[Collected data]

********

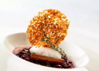 Poêlée de cerises, sorbet et palet croustillant à la fleur de thym
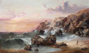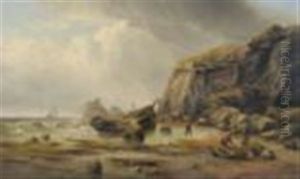 Coastal Scene With Figures On A Beach
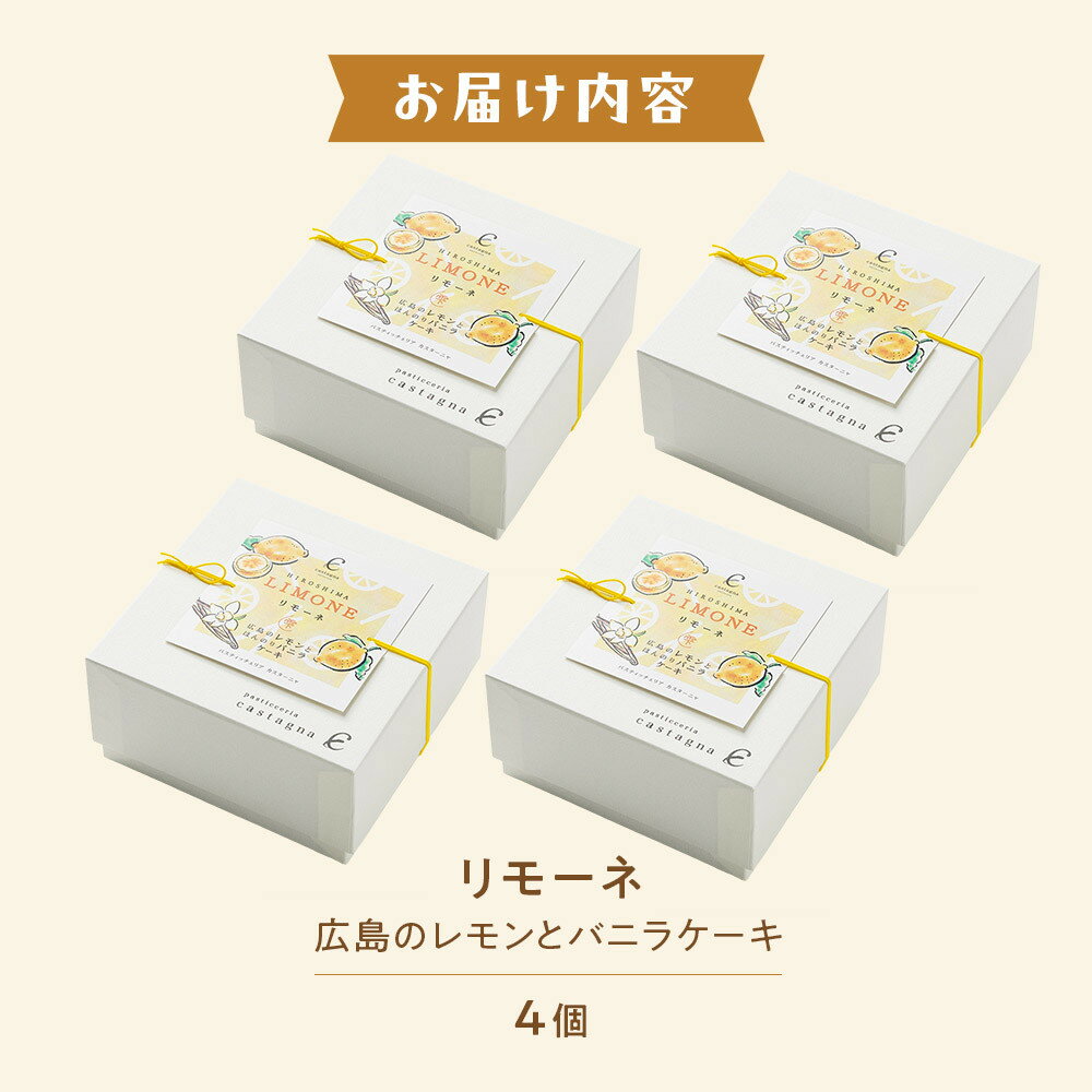 - 【ふるさと納税】リモーネ ~ 広島のレモンとバニラのケーキ ~ 4個 | 菓子 スイーツ デザート おかし 人気 食品 クリスマス バレンタイン ギフト プレゼント 手土産 お取り寄せ 広島市
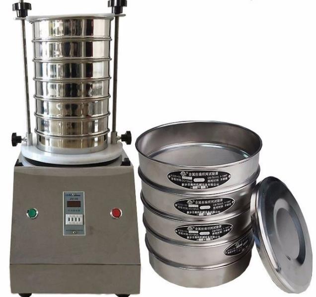 再通過振動盤傳導(dǎo)至安放在振動盤上部篩框上,然后由需要檢測目數(shù)的篩框把小于篩網(wǎng)孔徑的物料顆粒篩分至下層篩框,如此層層篩選,
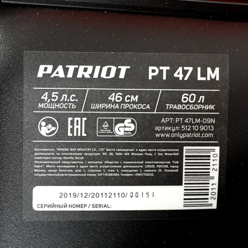 Газонокосилка бензиновая PATRIOT PT 47 LM снят с производства
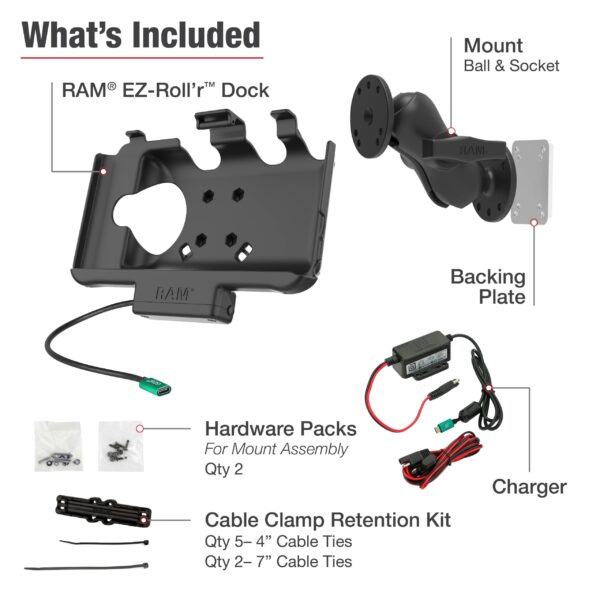 - RAM® EZ-Roll'r™ Powered form-fit cradle provides charging capabilities for the Samsung Galaxy Tab Active5, Tab Active3 and 2 through integrated pogo pin connector and USB-C cable
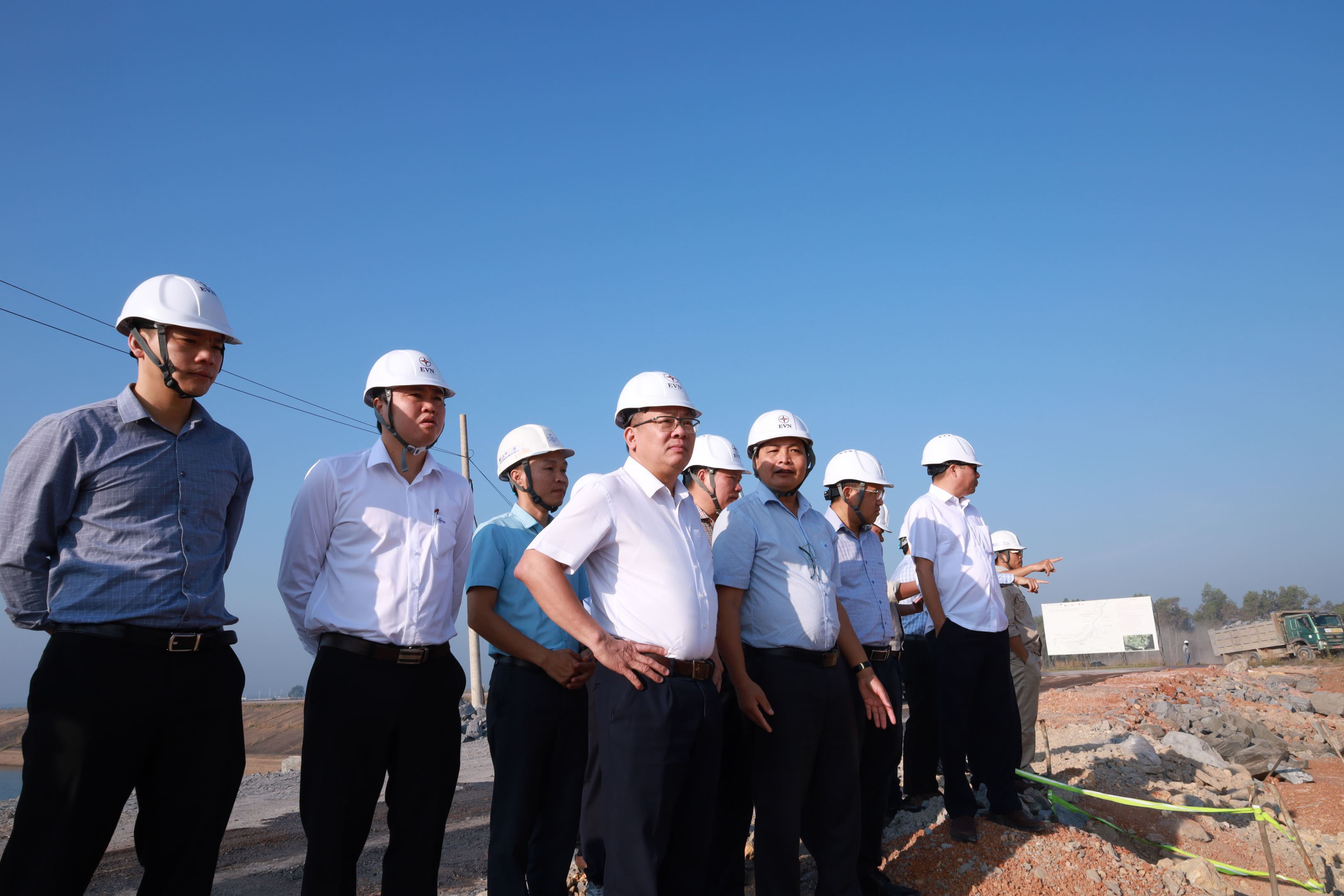 Đoàn công tác kiểm tra thi công hạng mục cửa nhận nước. Trong quý I, hạng mục này đã hoàn thành đào được 116.801 m³ đất đá; đặt mục tiêu thi công đào 127.360 m³ trong quý II để hoàn thành hố móng trước ngày 30/5/2026.
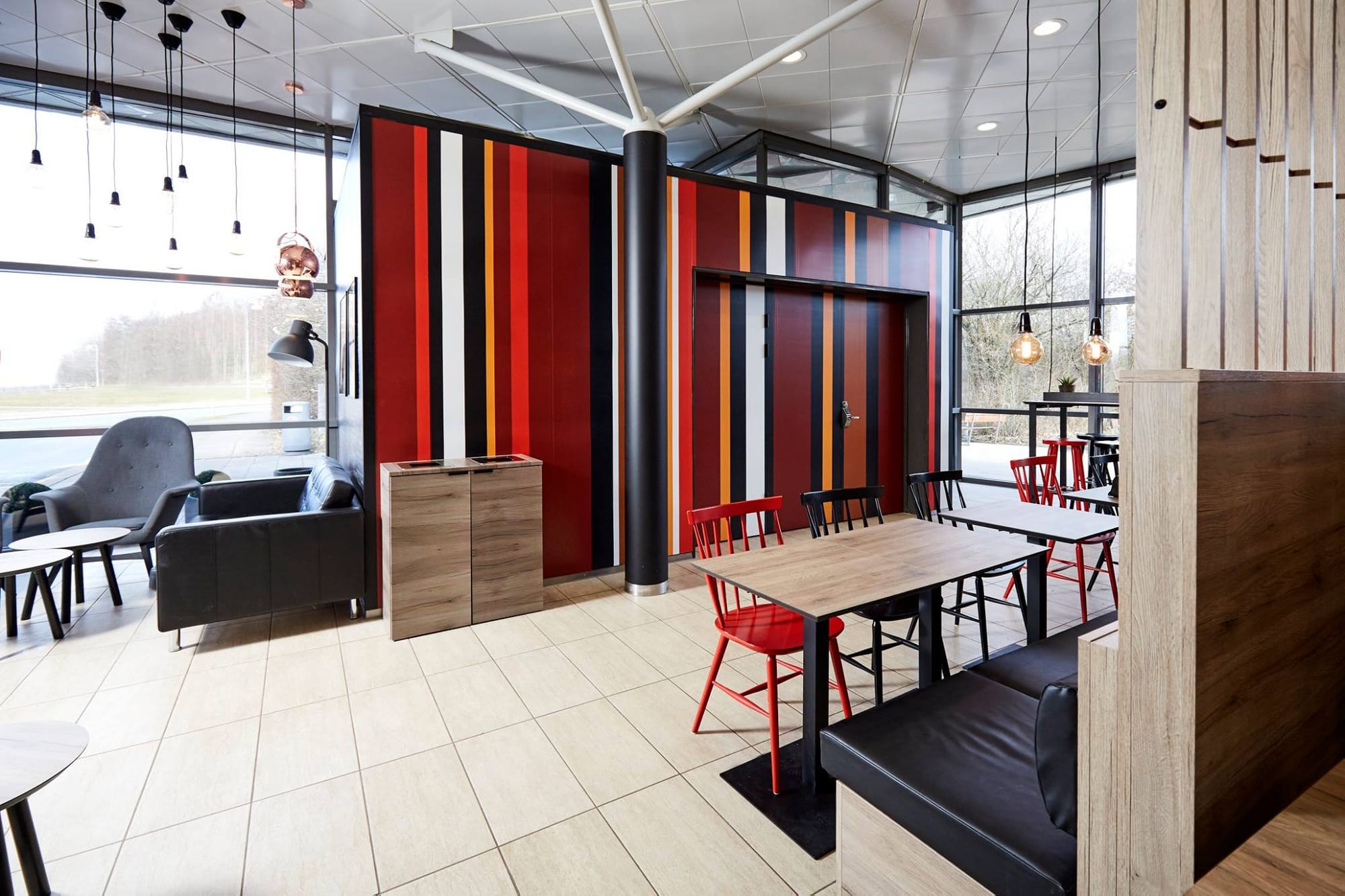 Три магазина были полностью модернизированы в этом году на станциях Circle K в городе Вайле и окрестности Оденса. Общий дизайн новых закусочных выполнен в теплых тонах и цветах светлого дерева. В уютной обеденной зоне можно комфортно отдохнуть и насладиться едой, независимо от того с семьей вы, с друзьями или в одиночку.
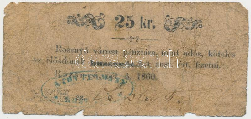 Leírás: Rozsnyó 1860. 25kr "Rozsnyó város pénztára, mint adós" T:IV
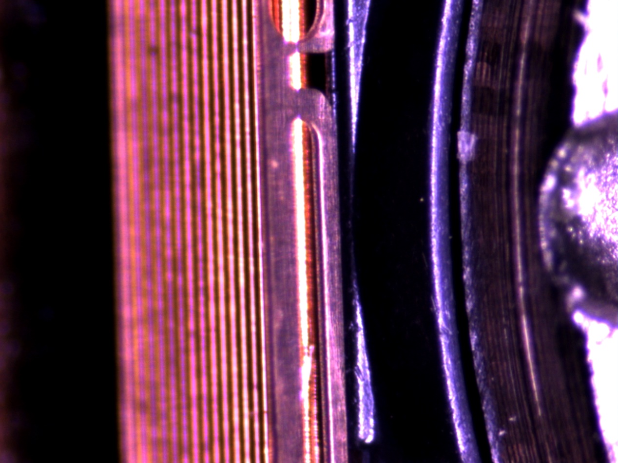 产品是一个圆柱型的产品,所以通常可以考虑使用环形光源。其中又有很多的直边,则可以考虑条形光源。所以,要表现直边或弧边特征,结合产品本身来看,主要考虑条形光源和环形光源。当然,正面检测时,还可以考虑正向的圆顶光源和同轴光源之类的。
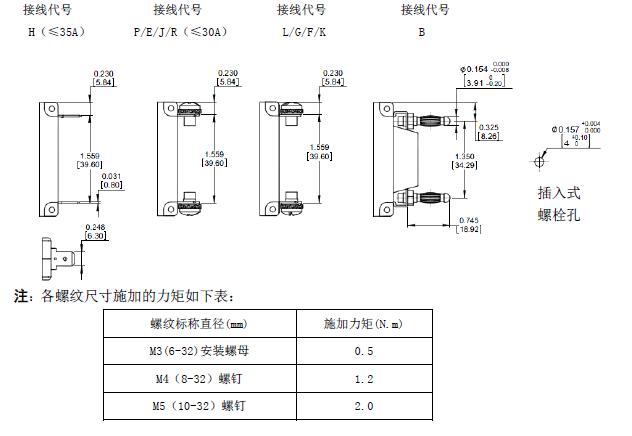 10 .6 产品上安装螺母规格为M3×5或 6-32UNC,安装时的扭紧力矩为0.5N.m。
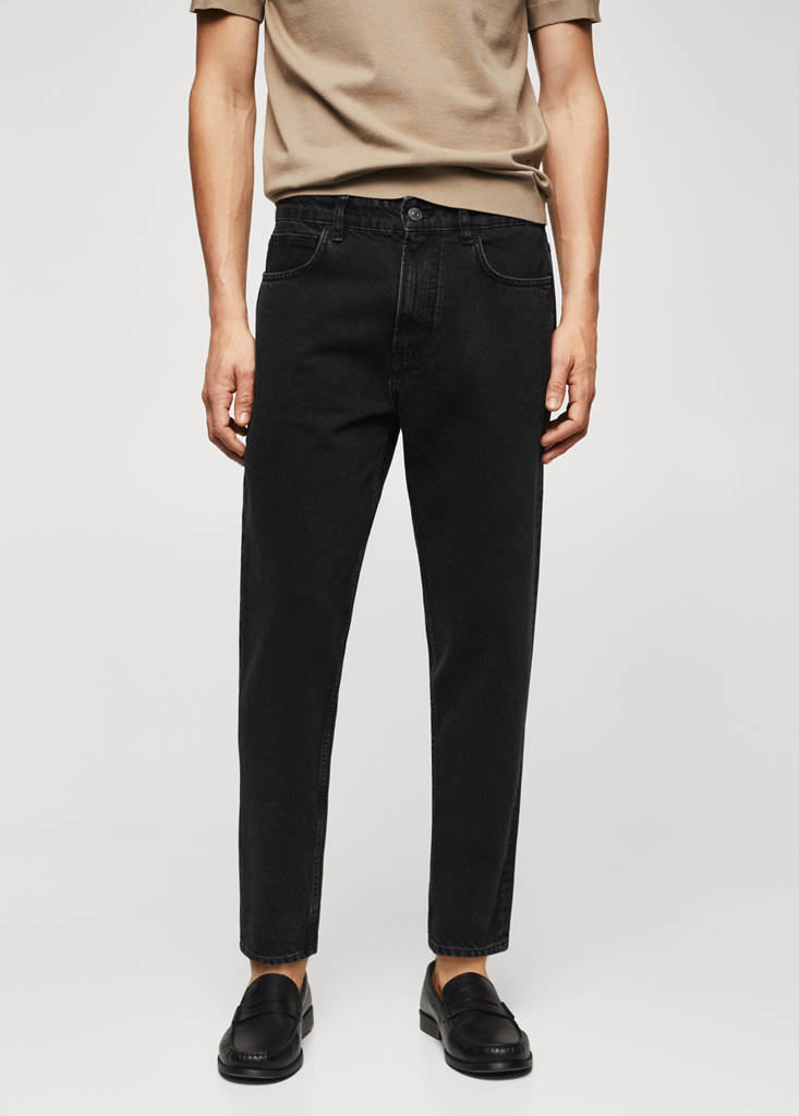 Tapered fit: wide cut at the top that narrows from the knee to the ankle. Crop style. Denim fabric. Recycled cotton-blend fabric. Zip and one button fastening. Two front pockets. Coin pocket. Two patch pockets on the back. Straight hem. Denim jeans style
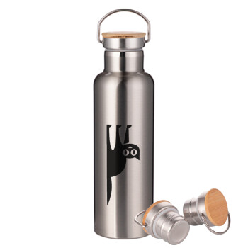 Cat upside down, Stainless steel Silver with wooden lid (bamboo), double wall, 750ml
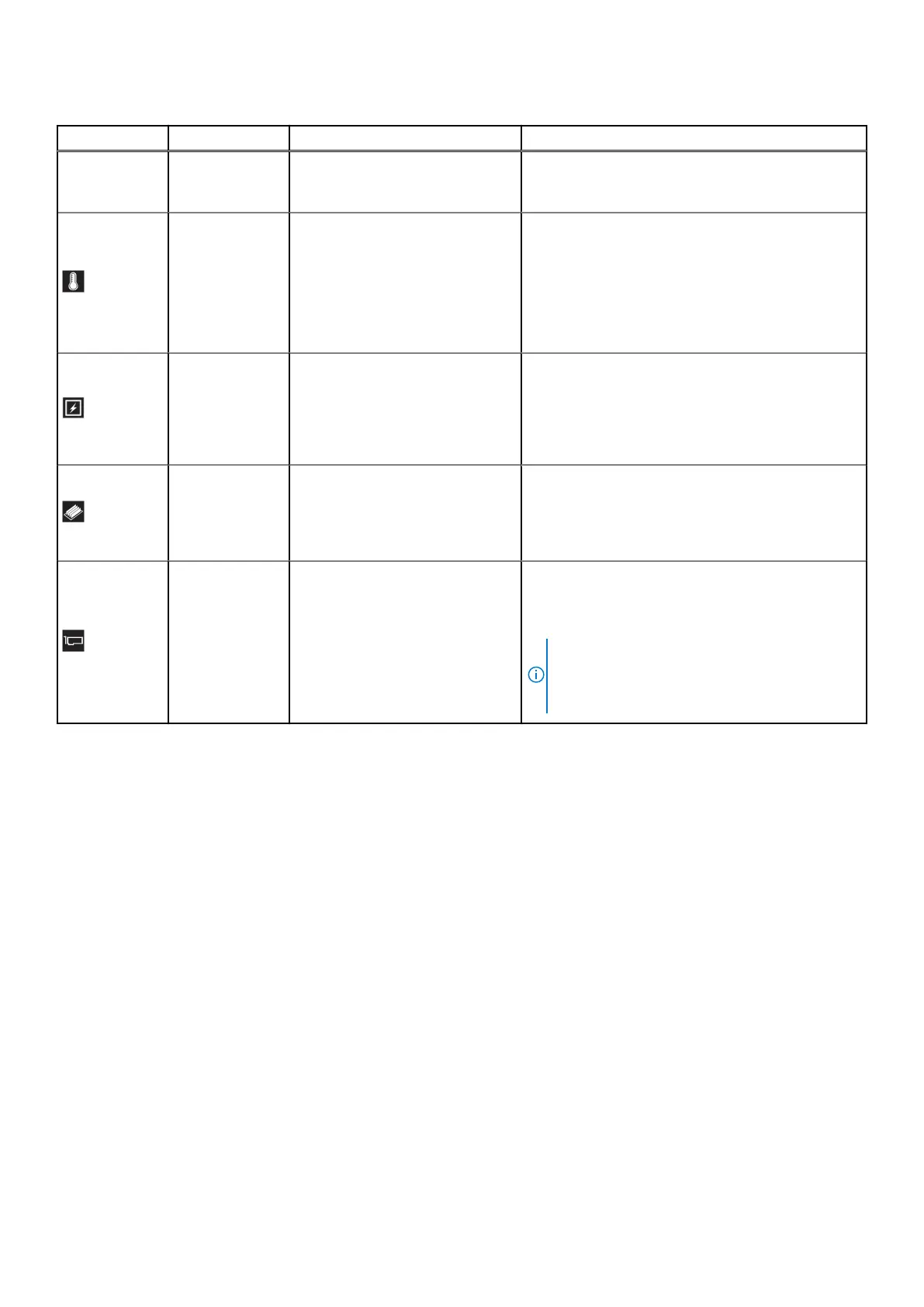 Icon Description Condition Corrective action
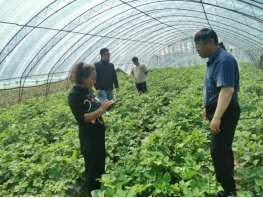 在二井镇黎明村,一行人在二井镇党委书高秀军书记和村党委书记张晓利带领下查看了温室种植香瓜、冷棚种植菇娘和露地小拱棚种植菇娘、露地大蒜、冷棚种植的茄子生长情况,发现菇娘生长旺盛,也出现菇娘植株发生枯萎病,叶片中存在白色斑点等现象,经过询问得知前期温度低生长慢,后期温度升高,生长旺盛,种植户还购买了农药和中微量水溶肥,进行了防病和促生。在查看冷棚茄子后,发现茄子发生了叶片发黄现象,经过查看和询问后确定茄子发生了黄萎病,专家们结合实地问题给出了解决茄子黄萎病防治的方法,并赠予种植户木霉菌复合菌剂,建议在后期进行灌根处理。在繁荣村助农工作站,了解到繁荣村开展了富硒玉米-养猪循环农业种养结合模式,并对于生产中存在的玉米水肥一体化遇到的问题进行了指导服务工作,提出了合理解决的建议。
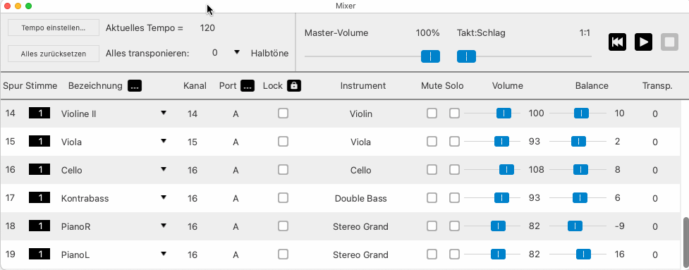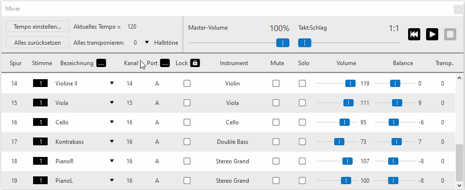 Port A von allen MIDI-Kanälen verwendet. Wenn du nun im Mixer für ein Instrument/

********

[TASK]
Only the lines from the one containing "产品是一个圆柱型的产品,所以" through the end of the records should be copied, exactly and with both ends included; the pictures should not.

[SOLUTION BELOW]
 产品是一个圆柱型的产品,所以通常可以考虑使用环形光源。其中又有很多的直边,则可以考虑条形光源。所以,要表现直边或弧边特征,结合产品本身来看,主要考虑条形光源和环形光源。当然,正面检测时,还可以考虑正向的圆顶光源和同轴光源之类的。
 10 .6 产品上安装螺母规格为M3×5或 6-32UNC,安装时的扭紧力矩为0.5N.m。
 Tapered fit: wide cut at the top that narrows from the knee to the ankle. Crop style. Denim fabric. Recycled cotton-blend fabric. Zip and one button fastening. Two front pockets. Coin pocket. Two patch pockets on the back. Straight hem. Denim jeans style
 Cat upside down, Stainless steel Silver with wooden lid (bamboo), double wall, 750ml
 Icon Description Condition Corrective action
 在二井镇黎明村,一行人在二井镇党委书高秀军书记和村党委书记张晓利带领下查看了温室种植香瓜、冷棚种植菇娘和露地小拱棚种植菇娘、露地大蒜、冷棚种植的茄子生长情况,发现菇娘生长旺盛,也出现菇娘植株发生枯萎病,叶片中存在白色斑点等现象,经过询问得知前期温度低生长慢,后期温度升高,生长旺盛,种植户还购买了农药和中微量水溶肥,进行了防病和促生。在查看冷棚茄子后,发现茄子发生了叶片发黄现象,经过查看和询问后确定茄子发生了黄萎病,专家们结合实地问题给出了解决茄子黄萎病防治的方法,并赠予种植户木霉菌复合菌剂,建议在后期进行灌根处理。在繁荣村助农工作站,了解到繁荣村开展了富硒玉米-养猪循环农业种养结合模式,并对于生产中存在的玉米水肥一体化遇到的问题进行了指导服务工作,提出了合理解决的建议。
 Port A von allen MIDI-Kanälen verwendet. Wenn du nun im Mixer für ein Instrument/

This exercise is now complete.